When the ship listed heavily to the left, Laborte said that he decided to jump, along with several others, into the churning water, where they clung to a lifeboat. It took minutes for most of the ferry to disappear beneath the waves, he said.
Laborte, 60, was one of the 62 confirmed survivors of the Princess of the Stars, which was struck by Typhoon Fengshen on Saturday, possibly killing most of the more than 800 passengers and crew who were aboard.
He and 27 others huddled in the lifeboat, which ended up Monday on the shore of Quezon province, miles from the island of Sibuyan, near where the ferry had capsized.
The ferry disaster could turn out to be one of the worst in the Philippines in the past two decades.
On Tuesday, rescue teams from the Philippine coast guard penetrated the overturned ship and found many corpses.
Coast guard divers retrieved only one body from inside. Another body was seen floating outside the ship, said Lt. Col.

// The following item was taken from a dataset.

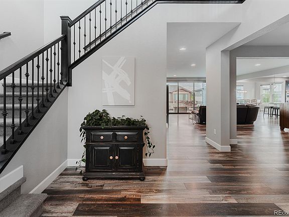 Discover luxury living in this exquisite home located in the highly sought-after Whispering Pines neighborhood. The main floor features an open floor plan, for seamless entertaining – with multi-panel sliding doors that open to a stunning deck with mountain views + a gas hookup for grilling and entertaining. The kitchen has an oversized island, alaska white granite countertops, GE Profile Appliances, blanco granite sink, and a sizable pantry. The living room also offers a cozy gas fireplace, and there is even an elegant formal dining room for intimate meals with friends and family. The main floor also features a bedroom with an adjacent full bathroom. Upstairs, there is a large loft perfect for a game room or flex space. The massive primary bedroom, equipped with blackout shades, boasts dual oversized custom closets and a spacious en-suite bathroom with dual vanities, a soaking tub, and a separate shower. Two additional spacious bedrooms share a “Jack and Jill” bathroom. The fully finished walkout basement is an entertainer’s dream. The basement bar, with blanco granite sink, upgraded granite, a professional-grade dishwasher, a bar glass washer, and shelving is perfect for hosting an epic party! The home gym is great for getting your sweat sesh in. The living area has HUE Smart lighting, blackout shades and multi-station built-in surround sound system for watching your favorite films. Sliding doors open to a covered patio with a 6-seat hot tub and privacy curtains, creating an ideal relaxation spot. A large bedroom with ample natural light and an en-suite bathroom featuring dual sinks, a large closet, and the shower even has a built in dog washing station! With a 3-car garage, hardwired high-speed internet, dual zone HVAC, a whole home humidifier, and a Remi Halo air purification unit, this home is equipped for modern living. The dog-friendly Astro turf, solar panels, zero-scape landscaping and smart outdoor lighting make this home as functional as it is beautiful.

Edgard Arevalo, a Philippines navy spokesman.
He said that it was too dark inside the ship to determine the number of victims.
"Most of the bodies were floating inside. They were trapped when the seven-story ship suddenly tilted and capsized," he told DZBB radio.
Apart from sinking the ferry, the typhoon also submerged whole towns and communities, knocked down power lines and caused landslides.
The Red Cross said that 177 people died elsewhere in the country, including 106 in Iloilo province. An additional 438 people, excluding those from the ferry, are still missing.
The National Disaster Coordinating Council said 38 of the country's 82 provinces were affected by the typhoon, which packed winds of up to 125 mph.
"We learned from the news that a storm was coming, but we were confident when we left Manila that everything was OK because the weather at the time seemed perfect," Laborte said in an interview Tuesday at Red Cross offices in Manila, where he and 24 other survivors were taken earlier in the day for medical attention and debriefing.
The ferry left Manila on Friday night, bound for Cebu City in the central Philippines.
By noon Saturday, it had run straight into Typhoon Fengshen, which had changed its path, the weather bureau said.
Aside from the Princess of the Stars, more than a dozen vessels, mostly fishing boats, capsized as the typhoon made landfall Saturday morning.
Bodies have been washing ashore on several different islands near Sibuyan. Authorities could not yet determine whether the bodies came from the ferry or other vessels.
"It's a daunting operation," Sen. Richard Gordon, who is also the chairman of the Philippine National Red Cross, said Tuesday. Hundreds of Red Cross volunteers across the country have been assisting in the rescue and recovery operations.
Coast guard officials said they were not losing hope of finding survivors inside because part of the ship was protruding from the water.
"Our mission is to search all the cabins, but it is dark inside," coast guard diver Inocencio Rosario told ABS-CBN television.